*ASSIGNED TASK*: Reproduce the data below in full and to the letter, images excepted.

Saved data entries:
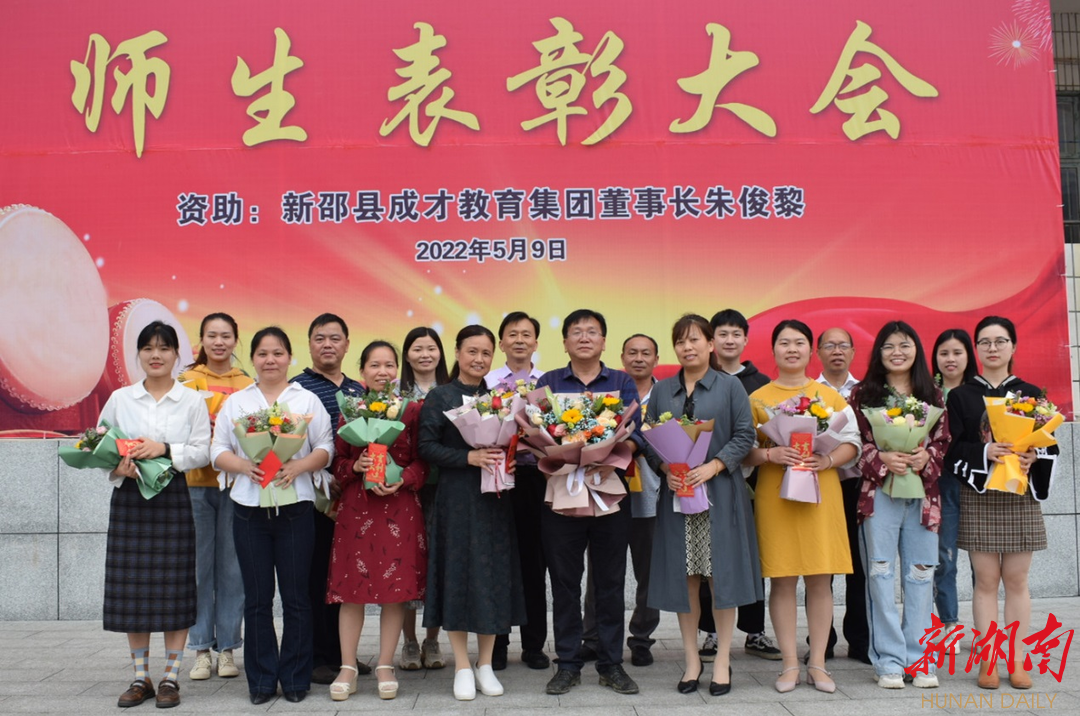 新湖南客户端5月11日讯(通讯员 刘纪新 孙敏娟)“感谢朱总的奖励,我们绝不辜负朱总的殷切希望,在以后的工作中再接再厉,再创佳绩!”5月9日上午,新邵县寸石镇花桥学校老教师罗志珍接到爱心企业家朱俊黎手中的鲜花和奖励红包时连声道谢。
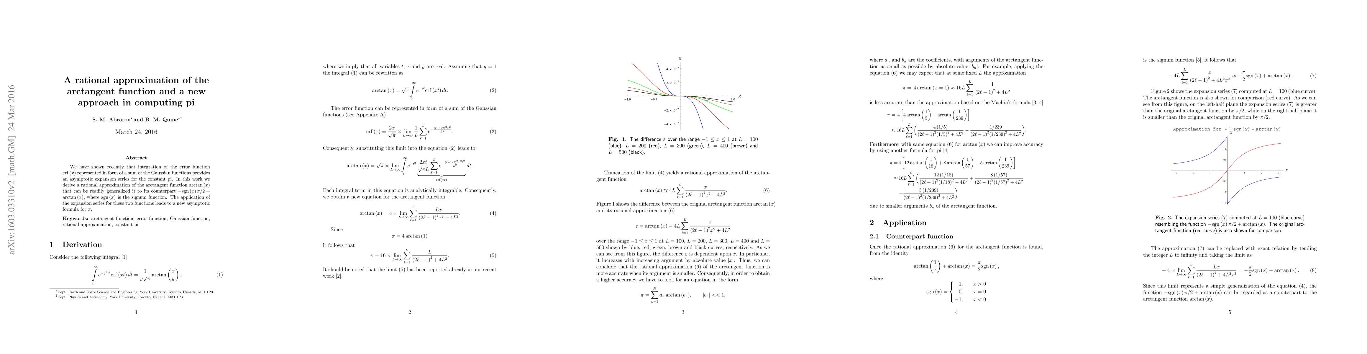This paper presents a rational approximation for the arctangent function and extends it to compute $\pi$ via an asymptotic expansion series derived from the error function integrated as a sum of Gaussian functions. The new approach provides a novel method for calculating the constant $\pi$.
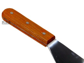 This classic spatula features a wooden handle with triple riveted design and stainless steel construction. Perfect for making any meal, you'll love the way this spatula feels whether you are flipping pancakes or burgers.
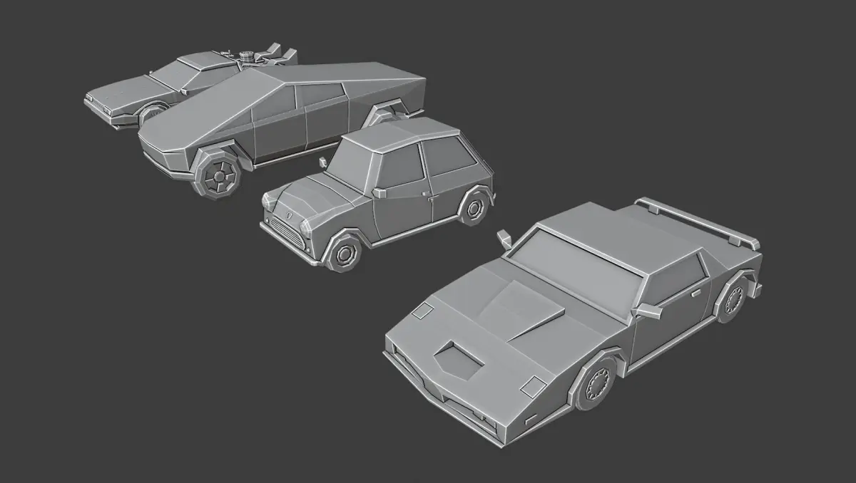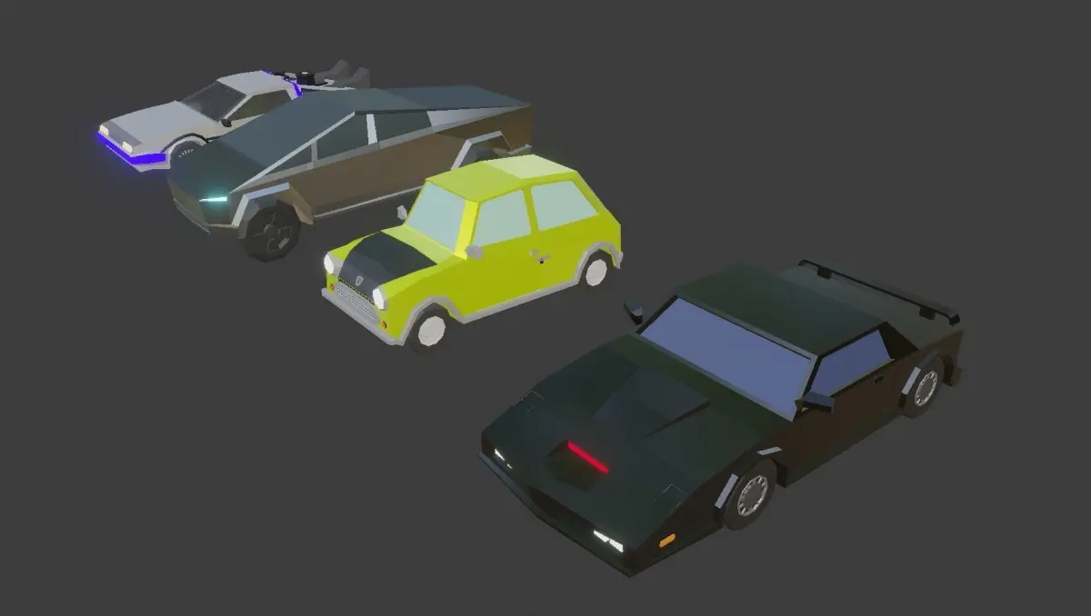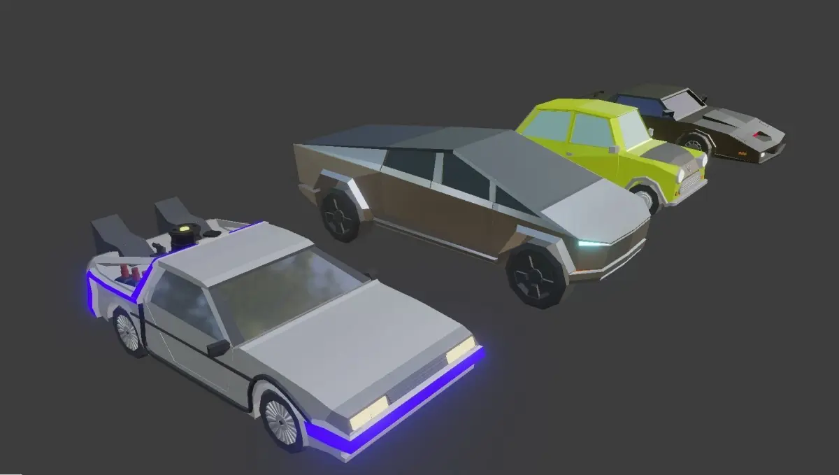 Special famous lowpoly cars from movies all cars have 9 490 verts., 18 257 edges, 8 941 faces and 18 654 tris.
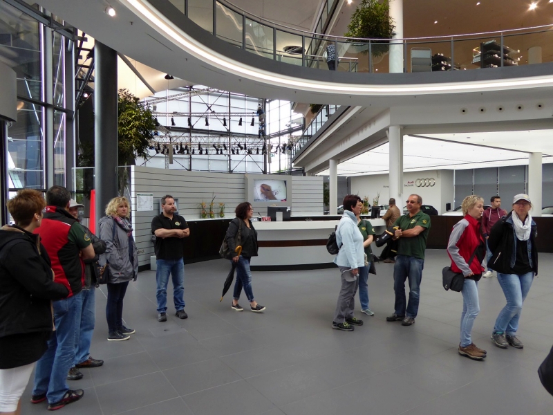 Die zweistündige Führung war eine Reise ins Herz von Audi. Die Besichtigung begann im Presswerk, wo alle Karosserieteile entstehen, die anschließend von ca. 1.600 Robotern zur fertigen Karosse aus Stahl und Aluminium zusammengefügt werden. Faszinierend dabei ist, dass unterschiedliche Modelle direkt hintereinander gebaut werden. Der Weg führt weiter in die Montage. Eine präzise Logistik stellt für jedes Fahrzeug an jedem Montageplatz die passenden Komponenten für innen und außen zur Verfügung. Höhepunkt ist die Hochzeit von Karosserie und Antriebsstrang. Leider durften wir während der Führung keine Fotos machen.
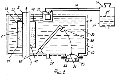 Из расширительного бака 24, расположенного на расстоянии 19 выше верхнего бачка радиатора 33 системы охлаждения и теплового гидроаккумулятора 6, рабочая жидкость 8 самотеком через кран 32, открытый электромагнитный клапан 18, заполнит пространство 35. Поплавок 36 всплывает. Связь пространства 35 через трубопровод 28 с расширительным баком 24 прекращается. Расстояние 20 увеличивается, а уровень 25 понижается, причем частично. Рабочая жидкость, соприкасаясь с наружными стенками 44 теплообменника 41, интенсивно нагревается. Вещество 7 при этом постепенно охлаждается.
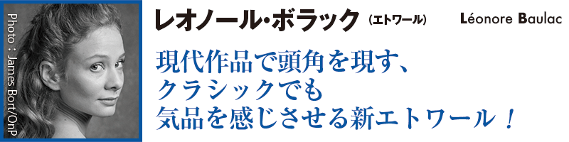 昨年大晦日に誕生した新エトワール、レオノール・ボラック。前芸術監督ミルピエの抜擢に応え現代作品で頭角を現したが、気品あふれるクラシックの素晴らしさも、初めて踊った「白鳥の湖」でエトワールに任命された事実が物語る。
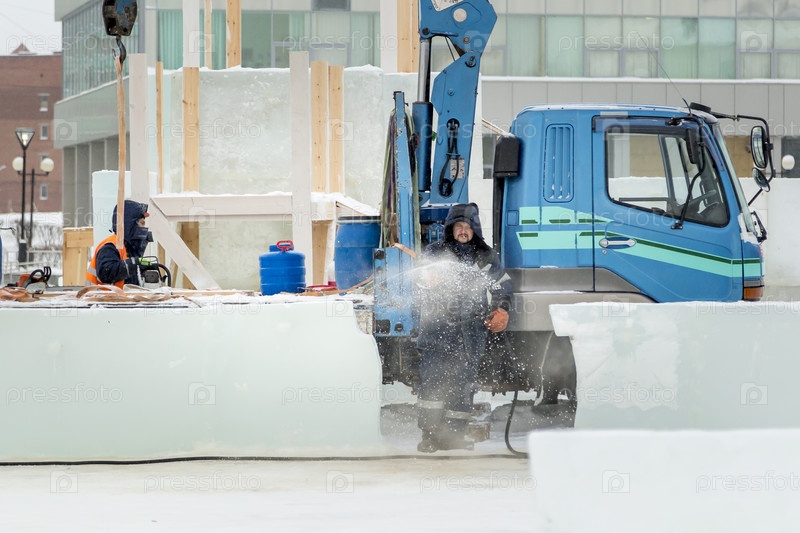 Рабочий-установщик со шлангом льет воду на лед
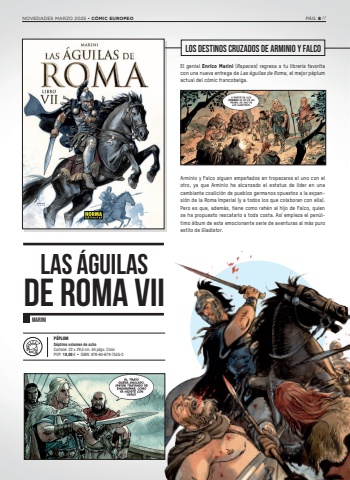El genial Enrico Marini (Rapaces) regresa a tu librer%u00eda favorita con una nueva entrega de Las %u00e1guilas de Roma, el mejor p%u00e9plum actual del c%u00f3mic francobelga. Arminio y Falco siguen empe%u00f1ados en tropezarse el uno con el otro, ya que Arminio ha alcanzado el estatus de l%u00edder en una cambiante coalici%u00f3n de pueblos germanos opuestos a la expansi%u00f3n de la Roma Imperial (y a todos los que colaboran con ella). Pero es que, adem%u00e1s, tiene como reh%u00e9n al hijo de Falco, quien se ha propuesto rescatarlo a toda costa. As%u00ed empieza el pen%u00faltimo %u00e1lbum de esta emocionante serie de aventuras al m%u00e1s puro estilo de Gladiator.LOS DESTINOS CRUZADOS DE ARMINIO Y FALCOP%u00c9PLUMS%u00e9ptimo volumen de ochoCarton%u00e9. 22 x 29,5 cm. 64 p%u00e1gs. Color PVP: 18,00 %u20ac %u2022 ISBN: 978-84-679-7535-2MARINILAS %u00c1GUILASDE ROMA VIINOVEDADES MARZO 2025 %u2022 C%u00d3MIC EUROPEO P%u00c1G. 8 //
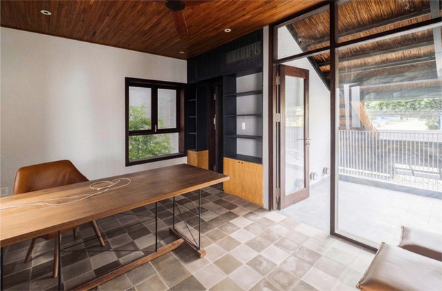 Ngôi nhà kế thừa nét kiến trúc dân gian với các thớt mái lá rộng, khoảng hiên nép dưới mái lá.
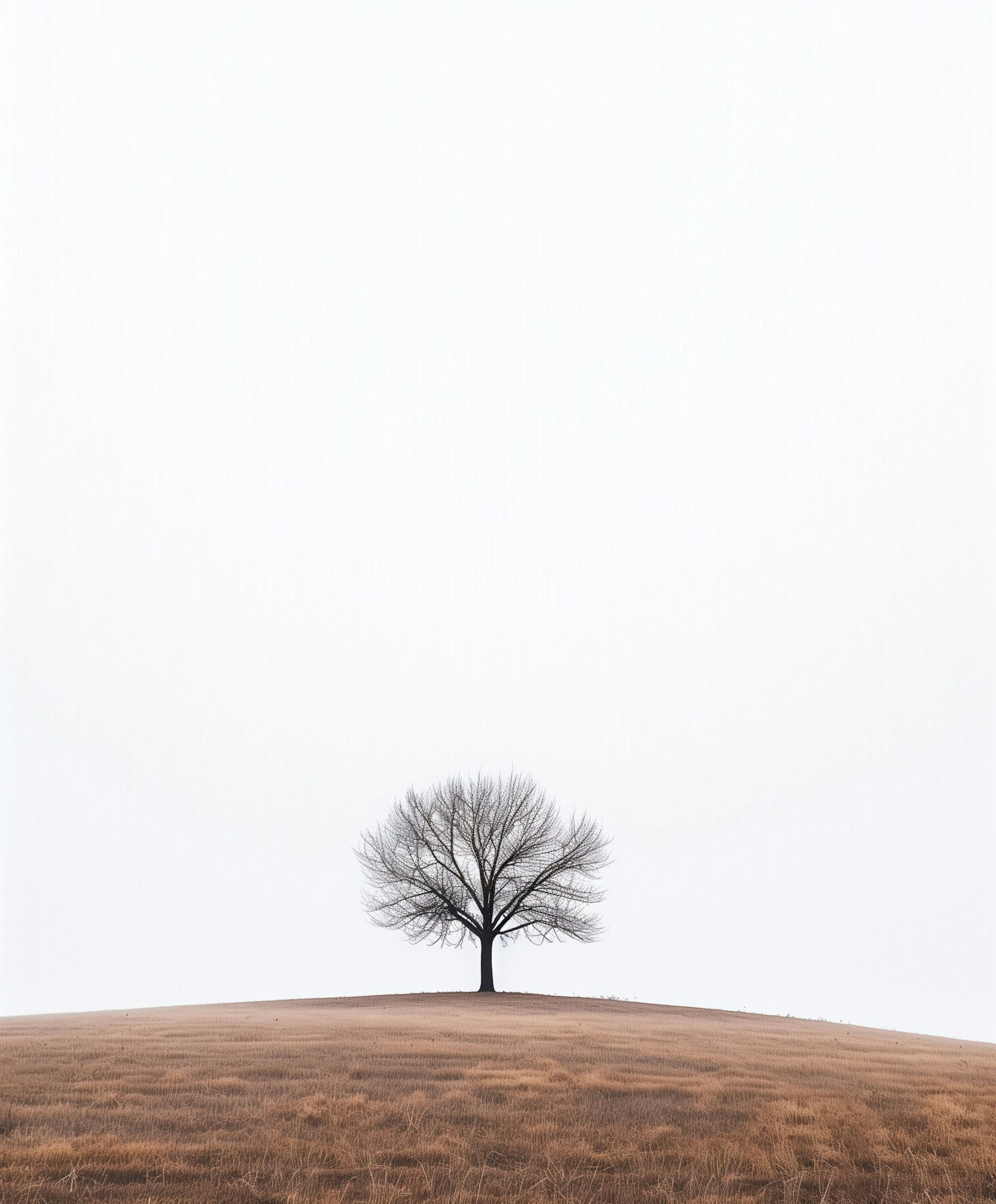 Minimalist landscape with a solitary tree on a hill against a pale sky, evoking serenity and isolation.

*SOLUTION FOR THIS PROBLEM*:
 新湖南客户端5月11日讯(通讯员 刘纪新 孙敏娟)“感谢朱总的奖励,我们绝不辜负朱总的殷切希望,在以后的工作中再接再厉,再创佳绩!”5月9日上午,新邵县寸石镇花桥学校老教师罗志珍接到爱心企业家朱俊黎手中的鲜花和奖励红包时连声道谢。
This paper presents a rational approximation for the arctangent function and extends it to compute $\pi$ via an asymptotic expansion series derived from the error function integrated as a sum of Gaussian functions. The new approach provides a novel method for calculating the constant $\pi$.
 This classic spatula features a wooden handle with triple riveted design and stainless steel construction. Perfect for making any meal, you'll love the way this spatula feels whether you are flipping pancakes or burgers.
 Special famous lowpoly cars from movies all cars have 9 490 verts., 18 257 edges, 8 941 faces and 18 654 tris.
 Die zweistündige Führung war eine Reise ins Herz von Audi. Die Besichtigung begann im Presswerk, wo alle Karosserieteile entstehen, die anschließend von ca. 1.600 Robotern zur fertigen Karosse aus Stahl und Aluminium zusammengefügt werden. Faszinierend dabei ist, dass unterschiedliche Modelle direkt hintereinander gebaut werden. Der Weg führt weiter in die Montage. Eine präzise Logistik stellt für jedes Fahrzeug an jedem Montageplatz die passenden Komponenten für innen und außen zur Verfügung. Höhepunkt ist die Hochzeit von Karosserie und Antriebsstrang. Leider durften wir während der Führung keine Fotos machen.
 Из расширительного бака 24, расположенного на расстоянии 19 выше верхнего бачка радиатора 33 системы охлаждения и теплового гидроаккумулятора 6, рабочая жидкость 8 самотеком через кран 32, открытый электромагнитный клапан 18, заполнит пространство 35. Поплавок 36 всплывает. Связь пространства 35 через трубопровод 28 с расширительным баком 24 прекращается. Расстояние 20 увеличивается, а уровень 25 понижается, причем частично. Рабочая жидкость, соприкасаясь с наружными стенками 44 теплообменника 41, интенсивно нагревается. Вещество 7 при этом постепенно охлаждается.
 昨年大晦日に誕生した新エトワール、レオノール・ボラック。前芸術監督ミルピエの抜擢に応え現代作品で頭角を現したが、気品あふれるクラシックの素晴らしさも、初めて踊った「白鳥の湖」でエトワールに任命された事実が物語る。
 Рабочий-установщик со шлангом льет воду на лед
El genial Enrico Marini (Rapaces) regresa a tu librer%u00eda favorita con una nueva entrega de Las %u00e1guilas de Roma, el mejor p%u00e9plum actual del c%u00f3mic francobelga. Arminio y Falco siguen empe%u00f1ados en tropezarse el uno con el otro, ya que Arminio ha alcanzado el estatus de l%u00edder en una cambiante coalici%u00f3n de pueblos germanos opuestos a la expansi%u00f3n de la Roma Imperial (y a todos los que colaboran con ella). Pero es que, adem%u00e1s, tiene como reh%u00e9n al hijo de Falco, quien se ha propuesto rescatarlo a toda costa. As%u00ed empieza el pen%u00faltimo %u00e1lbum de esta emocionante serie de aventuras al m%u00e1s puro estilo de Gladiator.LOS DESTINOS CRUZADOS DE ARMINIO Y FALCOP%u00c9PLUMS%u00e9ptimo volumen de ochoCarton%u00e9. 22 x 29,5 cm. 64 p%u00e1gs. Color PVP: 18,00 %u20ac %u2022 ISBN: 978-84-679-7535-2MARINILAS %u00c1GUILASDE ROMA VIINOVEDADES MARZO 2025 %u2022 C%u00d3MIC EUROPEO P%u00c1G. 8 //
 Ngôi nhà kế thừa nét kiến trúc dân gian với các thớt mái lá rộng, khoảng hiên nép dưới mái lá.
 Minimalist landscape with a solitary tree on a hill against a pale sky, evoking serenity and isolation.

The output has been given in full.